This is the well-known problem that we don't have timers with sub-tick
resolution, PR kern/43997: https://gnats.netbsd.org/43997
In particular, there is no way to reliably sleep for a duration d
below 1/hz sec. In principle with the current timer design it may be
possible to sleep for shorter durations, but not to sleep for _at
least_ any shorter duration (because the next tick wakeup might be
arbitrarily soon); the shortest duration that a process can reliably
sleep is 1/hz sec, but it may be up to 2/hz sec owing to scheduling
delays.
Fixing this requires adopting an MI API and MD clock driver support
for wakeups with sub-tick resolution, which nobody's done yet -- it's
not trivial and there's a lot of design choices to make.

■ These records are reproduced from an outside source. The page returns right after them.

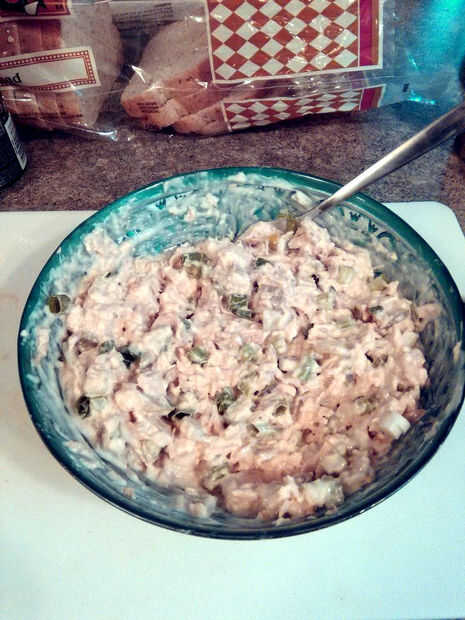 En un tazón grande, mezcle sobre artículos picados con el atún, agregar el mayo pasado hasta que tenga la consistencia conveniente. Añadir cualquier especias opcionales disfrutan, nos gusta pimentón, eneldo fresco o simplemente pimienta viejo.
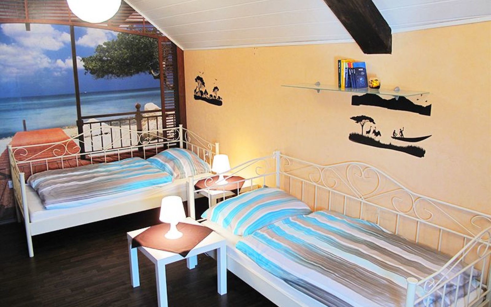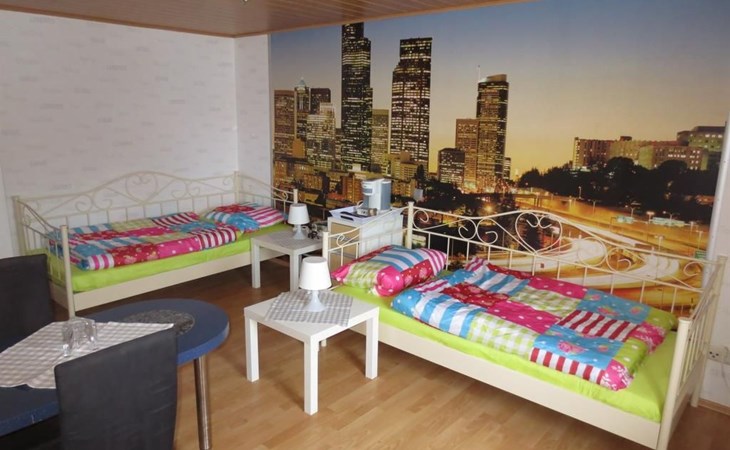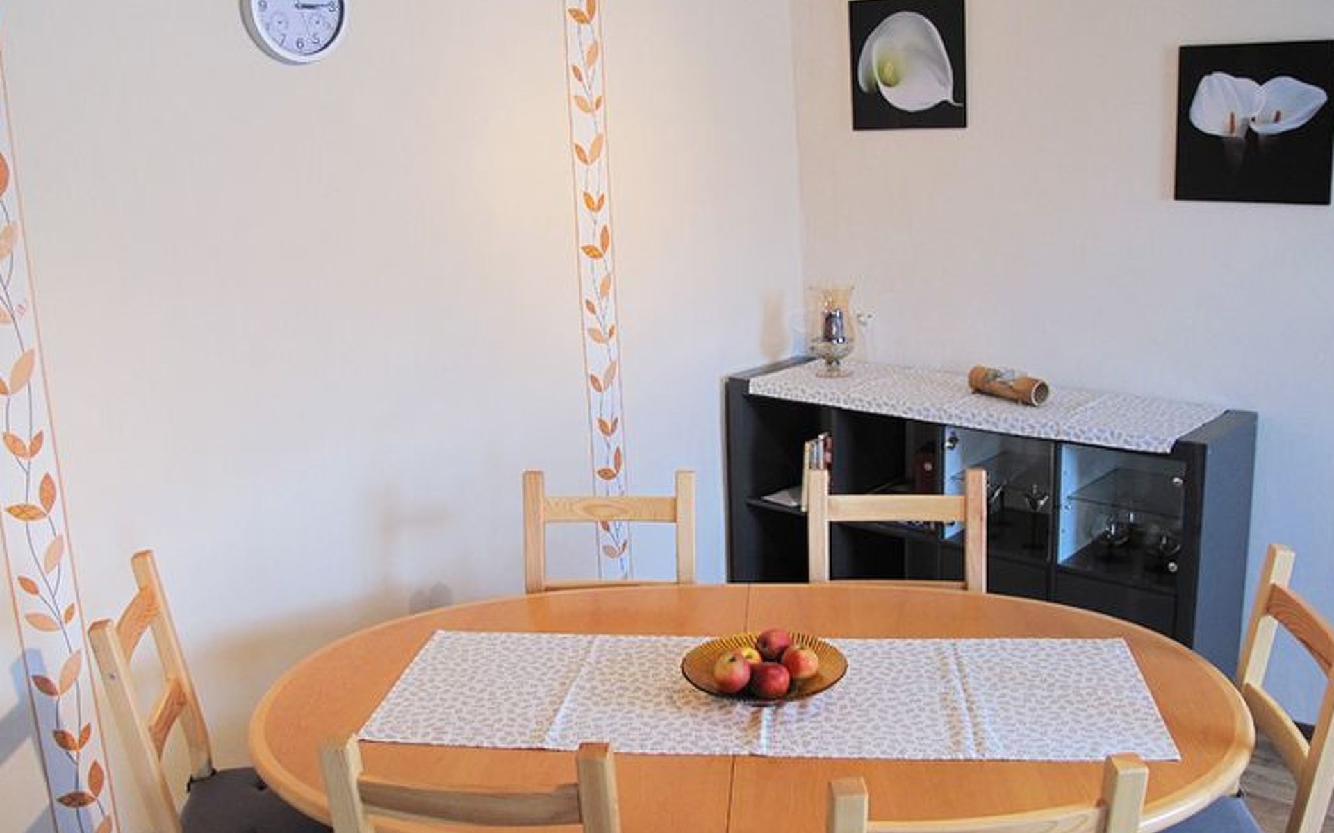 This holiday flat, renovated in 2014, is located on the first floor of a house in the municipality of Nettersheim, in the centre of a settlement.During your stay for 2 people you will have a living room, a kitchen, a bedroom with a double bed and a bathroom. For 3 persons or more, there is also a bedroom with 2 single beds. This makes this flat suitable for two, four or six people. The bright living room is furnished with a large sofa set and a satellite TV. The kitchen is fully equipped with, for example, a coffee machine, blender, toaster, microwave, a cooker with ceramic hob, oven, dishwasher, fridge with freezer compartment The inviting dining area offers space for up to six people. The large table can also be extended. The bedrooms are furnished once with a double bed, 180 cm wide and the other with two single beds, each 90 cm wide. Both bedrooms are also equipped with satellite TV. The bathroom has a shower, toilet, washbasin and hairdryer as well as the necessary towels. On request, you can also book this holiday home for five or six people for an additional charge. You will then have an additional bedroom and a second bathroom at your disposal. The additional bedroom also has two single beds, each 90 cm wide. The second bathroom is also equipped with a shower, washbasin and WC. If you are travelling with 3 people and need a bedroom for each person, this is only possible in consultation with the landlord as a surcharge is then payable on arrival.The 40 m² roof terrace is very large and has a charcoal barbecue and a covered area with garden furniture. A car parking space is available during your stay. It is also possible to store six bicycles in the garage.It is only about 100 m to the town centre. Here you will find a doctor, a pharmacy and a bus stop / taxi bus. For motorsport fans it is 30km to the Nürburgring.
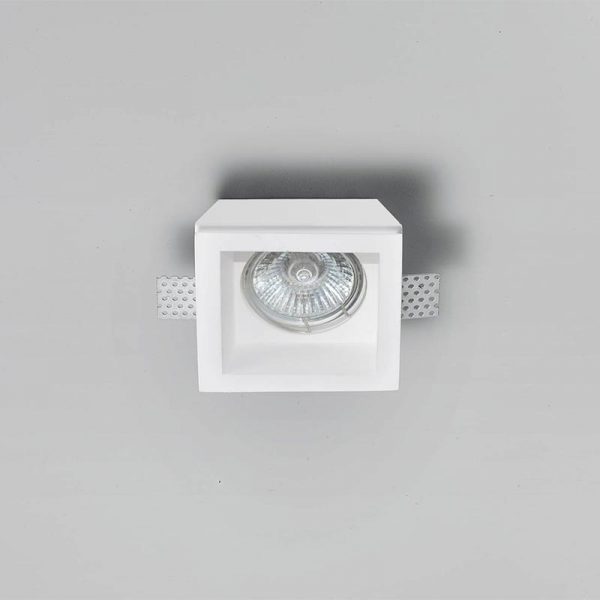 Panzeri Faretto incasso parete / soffitto serie Invisibili, un faretto in gesso a scomparsa totale, atossico e naturale, ecocompatibile. Viene fornito di serie con portalampada GU10 dove è possibile utilizzare lampadina 220/230V alogena eco 40W o lampadina LED, non serve trasformatore. Dimensioni faretto: esterno 7,8 X 7,8 cm. h. 5 cm. (con lampadina h. circa 14,5 cm.) – foro incasso 8,8 x 8,8 cm. – faretto finito installato dimensione visibile 6 x 6 cm. Faretto CE – IP20 – Classe II – Per incasso in laterizio / calcestruzzo utilizzare cassaforma con microregolazione per allineamento cod. XM0998 (dimensioni 85x85x155 mm.)
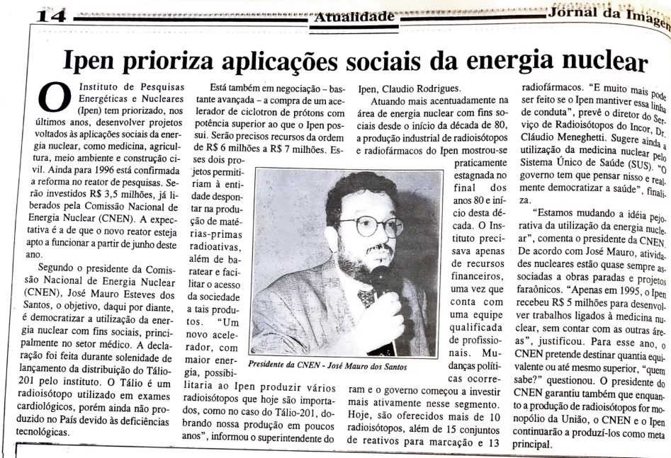 Estavam então previstos investimentos para reformas no reator de pesquisas e para a aquisição de um acelerador de partículas (Cíclotron), equipamento que permitiria ao Ipen ampliar e nacionalizar a produção de radioisótopos. A matéria destacava, ainda, o papel da Comissão Nacional de Energia Nuclear (CNEN) na tentativa de democratizar o uso da energia nuclear com fins sociais, especialmente por meio do Sistema Único de Saúde (SUS).
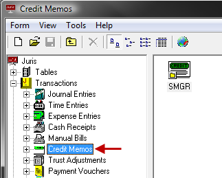 - Open Juris>Transactions>Credit Memos. See Figure 1.0
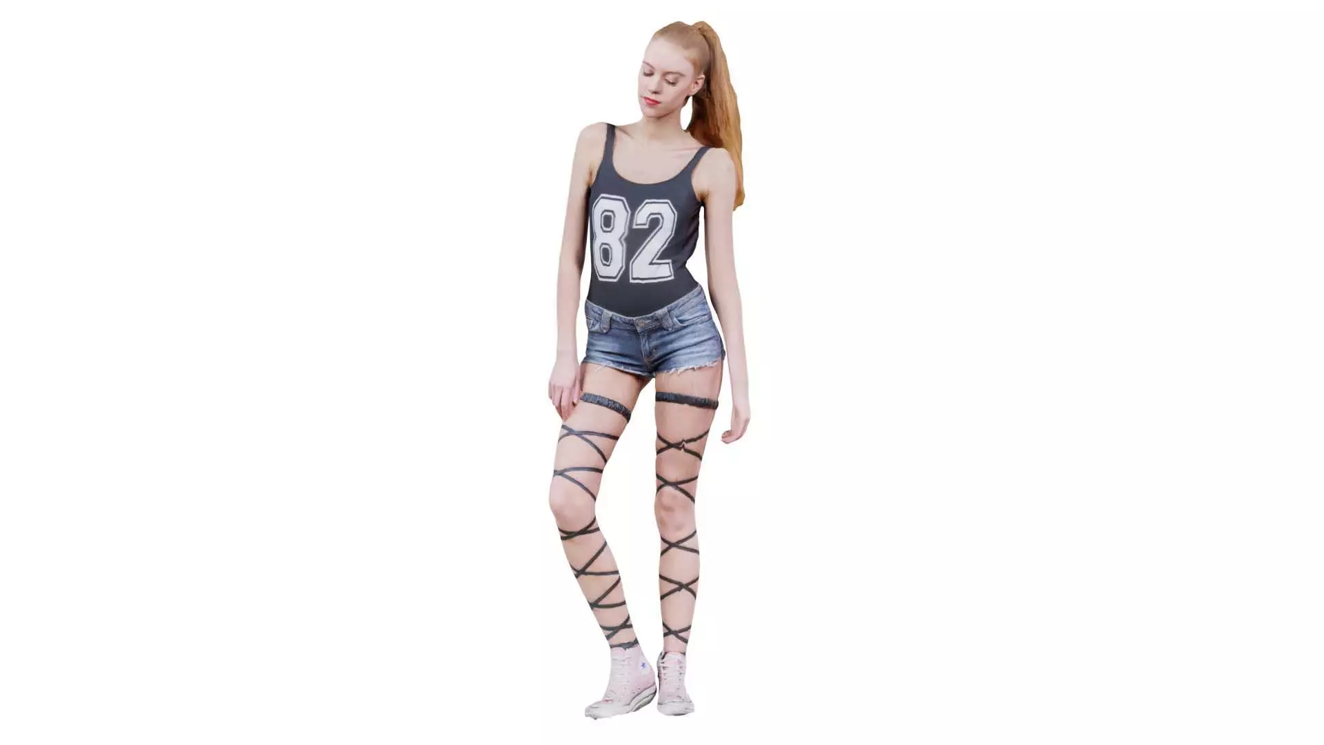 Woman in Jeans Short Strings and 82 Tshirt Posed Looking Down Low-poly 3D model

> I don't _know_ what's behind it. But today I went looking, and, in
> 5.2, there is code which looks suspicious. I don't know where the
> analogous code is in 9.x, but presumably plenty of people here do.
> Speaking of 5.2, then: in kern/subr_time.c, there is tvtohz(), which
> has code
>
> } else if (sec <= (LONG_MAX / 1000000))
> ticks = (((sec * 1000000) + (unsigned long)usec + (tick - 1))
> / tick) + 1;
>
> which looks suspicious. If sec is zero and usec is tick, that
> expression will return 2 instead of the 1 I suspect it needs to return.
Whether this is a bug depends on whether:
(a) callout_schedule(ch, 1) triggers ch on the _next_ tick, meaning
its delay may be arbitrarily small, or
(b) callout_schedule(ch, 1) triggers ch on the next tick after that,
meaning it may be delayed by [1/hz sec, 2/hz sec].
I don't know offhand which of these it is but it shouldn't be too hard
to determine.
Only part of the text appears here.